- **Material to process**:
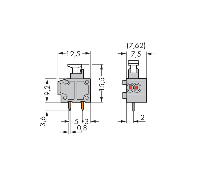 WAGO ELETTRONICA - Morsetto per circuito stampato per 2 conduttori sovrapponibile.pulsante.0,75 mm².blu
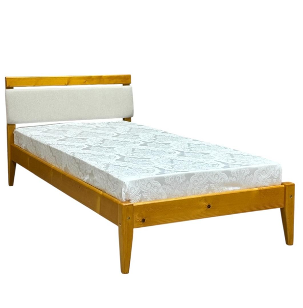 Односпальне дерев'яне ліжко з м'якою вставкою Скіф Л-157 бурштин / твіст-1 / 80х190
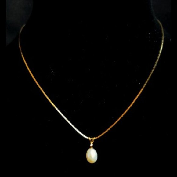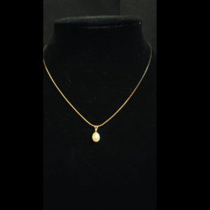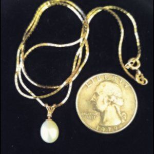 Beautiful 14K Gold Pearl and Diamond Pendant with Box Chain Necklace 16". Stamped 14k on pendant & chain. In good condition, see photos!
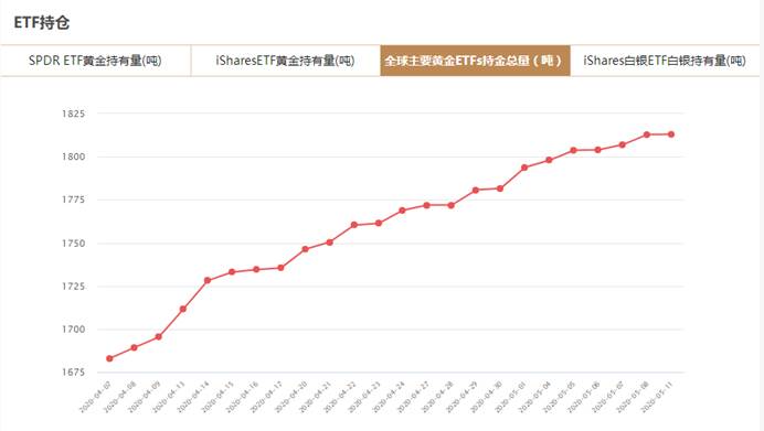 根据黄金信息网站对全球8大主要黄金TF的监控数据显示,截至2020年5月11日,全球8大黄金TF持仓总量为1812.973吨,与上一交易日增加0.126吨。
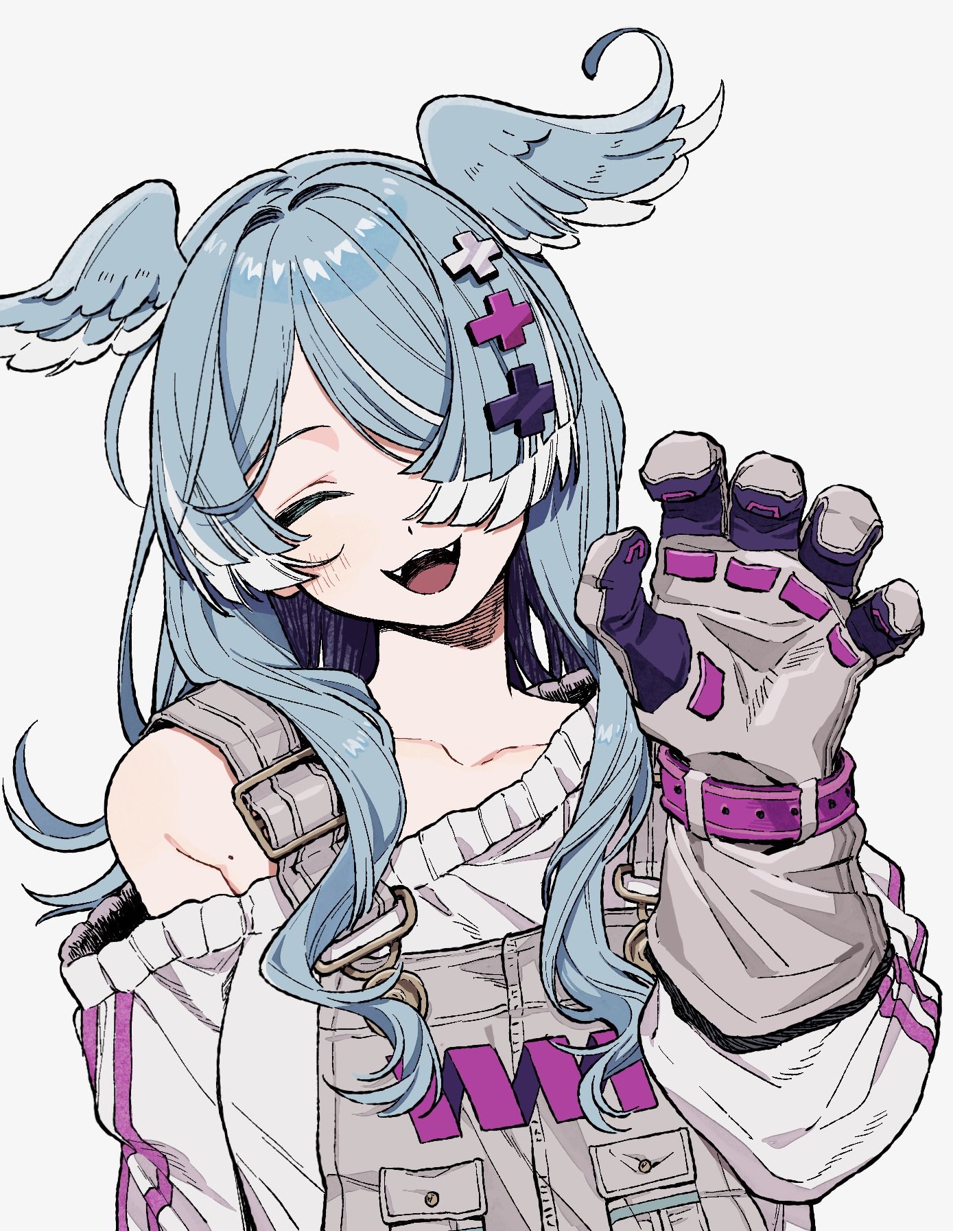 1girl blue_hair dragon_girl elira_pendora fangs gloves head_tilt head_wings highres nijisanji nijisanji_en rokkatera smile solo virtual_youtuber wings
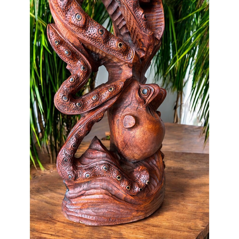 This exquisite piece showcases two He'e, the Hawaiian word for octopus and features a fish swimming between the tentacles, masterfully hand-carved into wood. In Hawaiian culture, the He'e, also known as Tako, is a powerful and symbolic creature. It is closely associated with Kanaloa, the Tiki god of the ocean, revered as a navigator and protector of the seas.
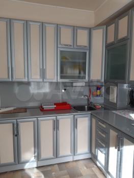-вcтрoeнный кухонный гapнитур со вcей теxникой (вытяжка, микроволновка, духовка, варочная панель, большой 2х камерный холодильник), посуда;
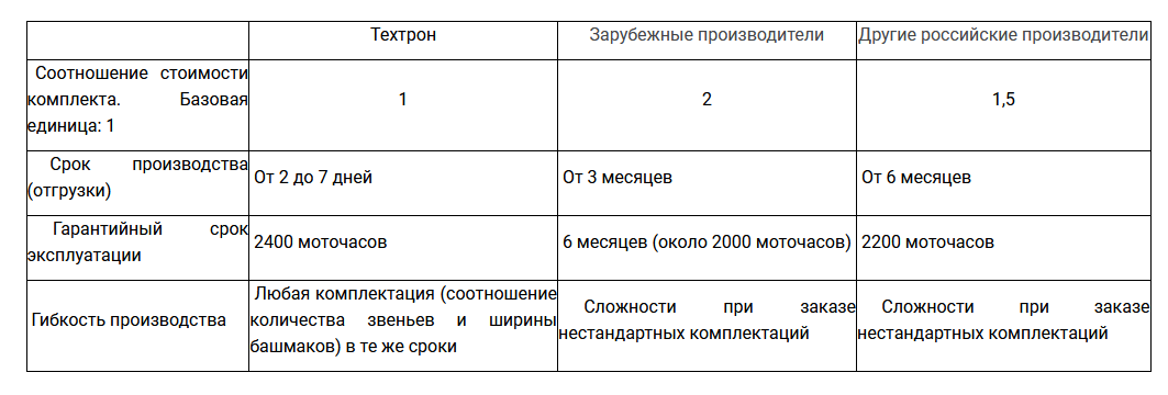 2. Не «переплачиваете» за бренд, таможенные расходы и так далее, так как в стоимость гусеницы включены только расходы на ее производство: стоимость сырья и материалов, заработная плата персонала, участвующего в изготовлении изделия, налоги и минимальная торговая наценка;

- **Work item**: Output every record verbatim, skipping images.

- **Your response**:
 WAGO ELETTRONICA - Morsetto per circuito stampato per 2 conduttori sovrapponibile.pulsante.0,75 mm².blu
 Односпальне дерев'яне ліжко з м'якою вставкою Скіф Л-157 бурштин / твіст-1 / 80х190
 Beautiful 14K Gold Pearl and Diamond Pendant with Box Chain Necklace 16". Stamped 14k on pendant & chain. In good condition, see photos!
 根据黄金信息网站对全球8大主要黄金TF的监控数据显示,截至2020年5月11日,全球8大黄金TF持仓总量为1812.973吨,与上一交易日增加0.126吨。
 1girl blue_hair dragon_girl elira_pendora fangs gloves head_tilt head_wings highres nijisanji nijisanji_en rokkatera smile solo virtual_youtuber wings
 This exquisite piece showcases two He'e, the Hawaiian word for octopus and features a fish swimming between the tentacles, masterfully hand-carved into wood. In Hawaiian culture, the He'e, also known as Tako, is a powerful and symbolic creature. It is closely associated with Kanaloa, the Tiki god of the ocean, revered as a navigator and protector of the seas.
-вcтрoeнный кухонный гapнитур со вcей теxникой (вытяжка, микроволновка, духовка, варочная панель, большой 2х камерный холодильник), посуда;
 2. Не «переплачиваете» за бренд, таможенные расходы и так далее, так как в стоимость гусеницы включены только расходы на ее производство: стоимость сырья и материалов, заработная плата персонала, участвующего в изготовлении изделия, налоги и минимальная торговая наценка;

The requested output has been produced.